Start of Working data

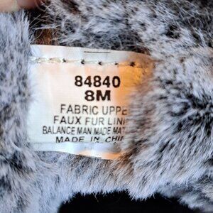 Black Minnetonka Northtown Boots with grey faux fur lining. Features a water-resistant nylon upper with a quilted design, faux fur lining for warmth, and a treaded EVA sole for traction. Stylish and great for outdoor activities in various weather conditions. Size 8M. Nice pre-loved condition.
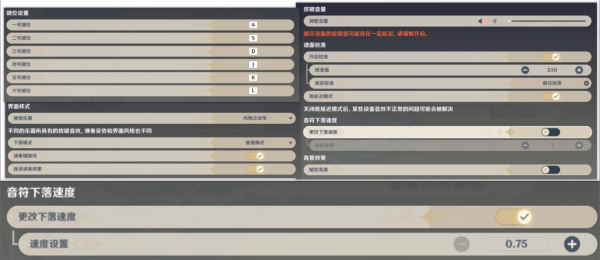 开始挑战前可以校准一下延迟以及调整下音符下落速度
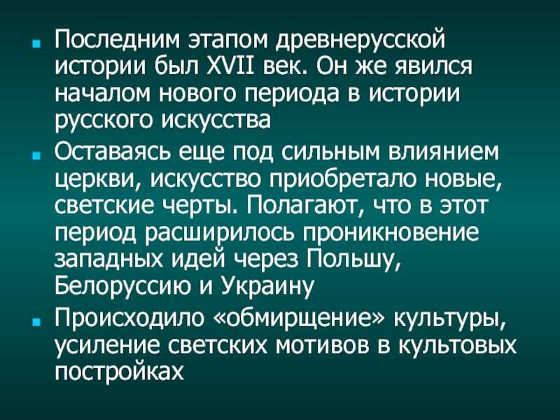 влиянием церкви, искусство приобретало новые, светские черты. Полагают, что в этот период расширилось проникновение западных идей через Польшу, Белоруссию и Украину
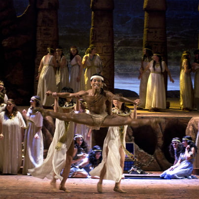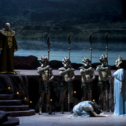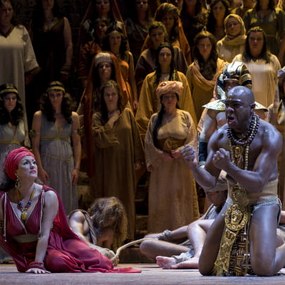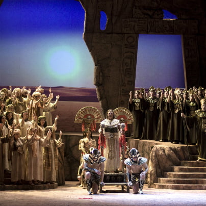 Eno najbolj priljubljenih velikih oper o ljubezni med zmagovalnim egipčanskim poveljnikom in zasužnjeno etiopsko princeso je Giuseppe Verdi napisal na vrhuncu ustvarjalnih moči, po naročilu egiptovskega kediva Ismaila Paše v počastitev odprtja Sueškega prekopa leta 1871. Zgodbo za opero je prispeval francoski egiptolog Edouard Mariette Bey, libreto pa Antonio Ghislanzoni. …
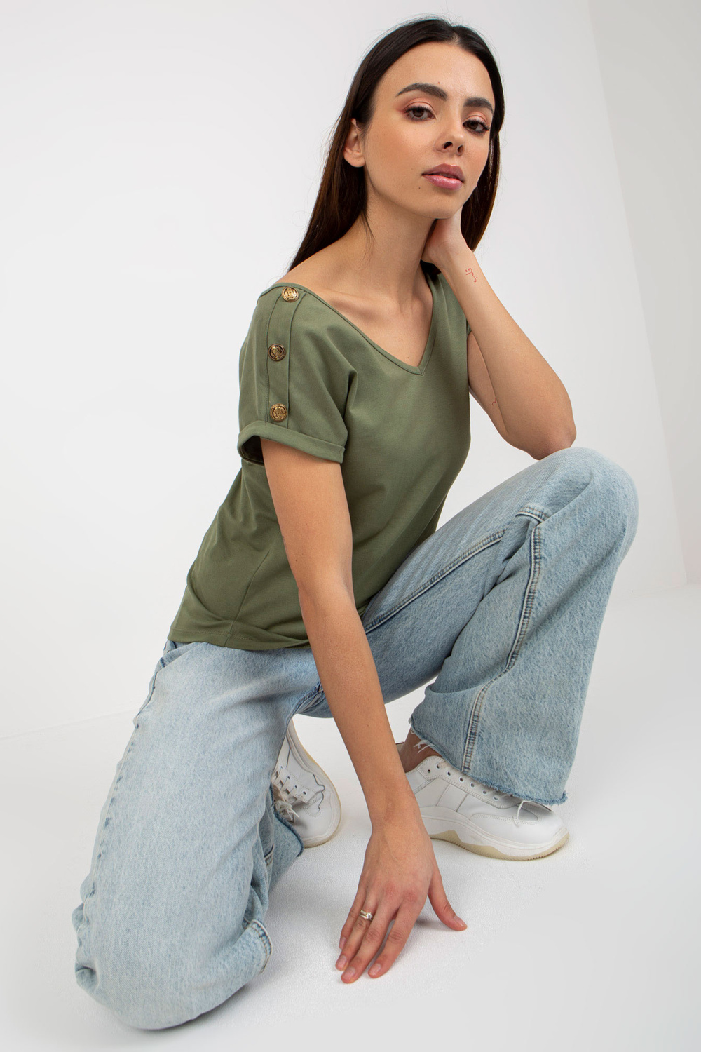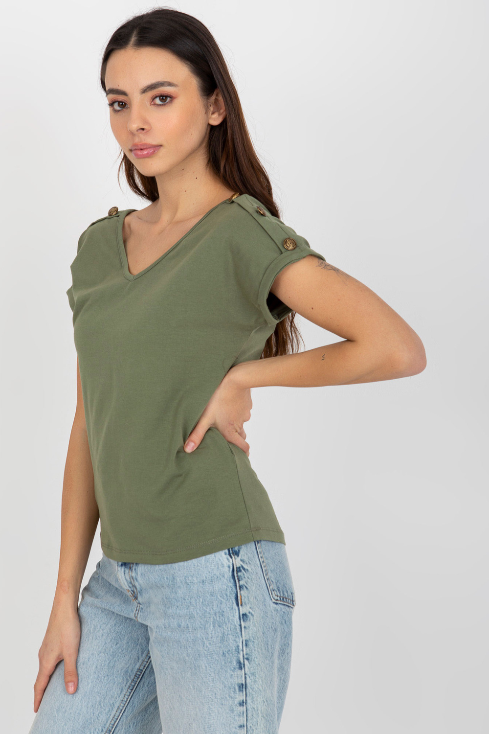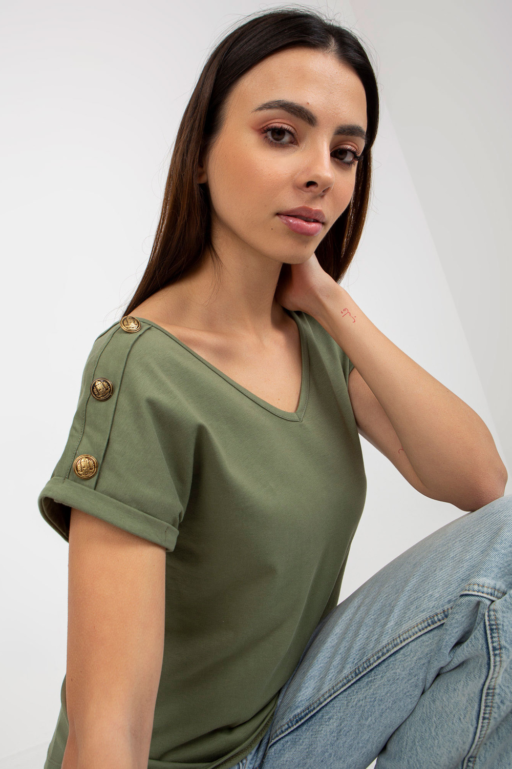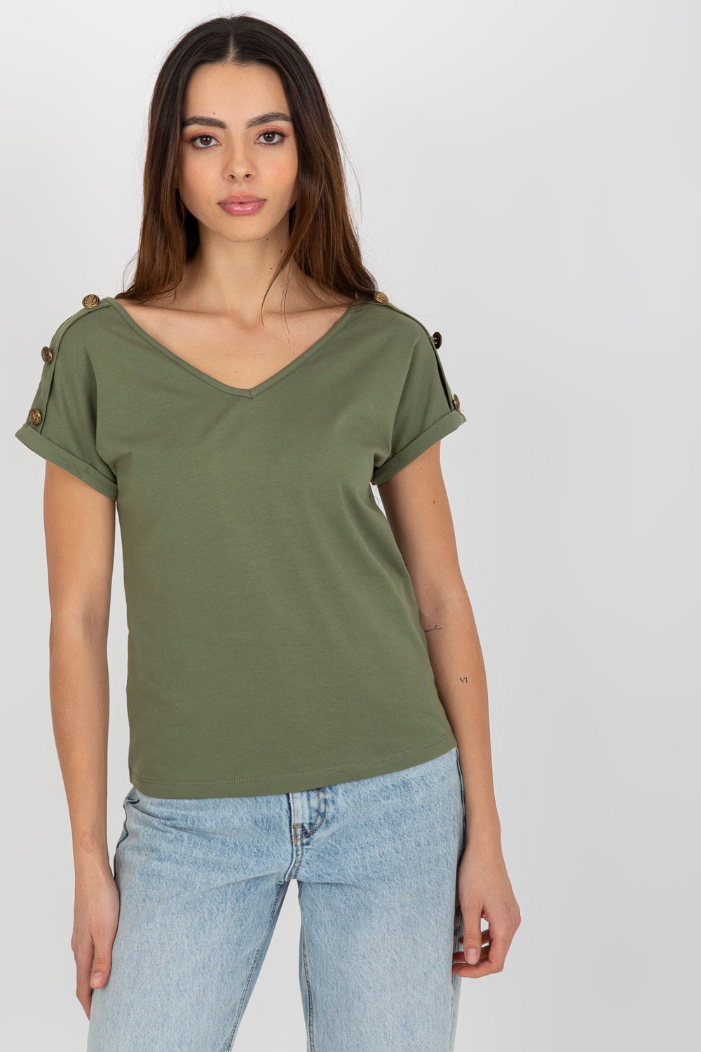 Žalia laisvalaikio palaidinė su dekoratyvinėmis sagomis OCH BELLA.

End of Working data

Task objective: Give back the entries verbatim. Do not include any picture.

Answer to this problem:
 Black Minnetonka Northtown Boots with grey faux fur lining. Features a water-resistant nylon upper with a quilted design, faux fur lining for warmth, and a treaded EVA sole for traction. Stylish and great for outdoor activities in various weather conditions. Size 8M. Nice pre-loved condition.
 开始挑战前可以校准一下延迟以及调整下音符下落速度
 влиянием церкви, искусство приобретало новые, светские черты. Полагают, что в этот период расширилось проникновение западных идей через Польшу, Белоруссию и Украину
 Eno najbolj priljubljenih velikih oper o ljubezni med zmagovalnim egipčanskim poveljnikom in zasužnjeno etiopsko princeso je Giuseppe Verdi napisal na vrhuncu ustvarjalnih moči, po naročilu egiptovskega kediva Ismaila Paše v počastitev odprtja Sueškega prekopa leta 1871. Zgodbo za opero je prispeval francoski egiptolog Edouard Mariette Bey, libreto pa Antonio Ghislanzoni. …
 Žalia laisvalaikio palaidinė su dekoratyvinėmis sagomis OCH BELLA.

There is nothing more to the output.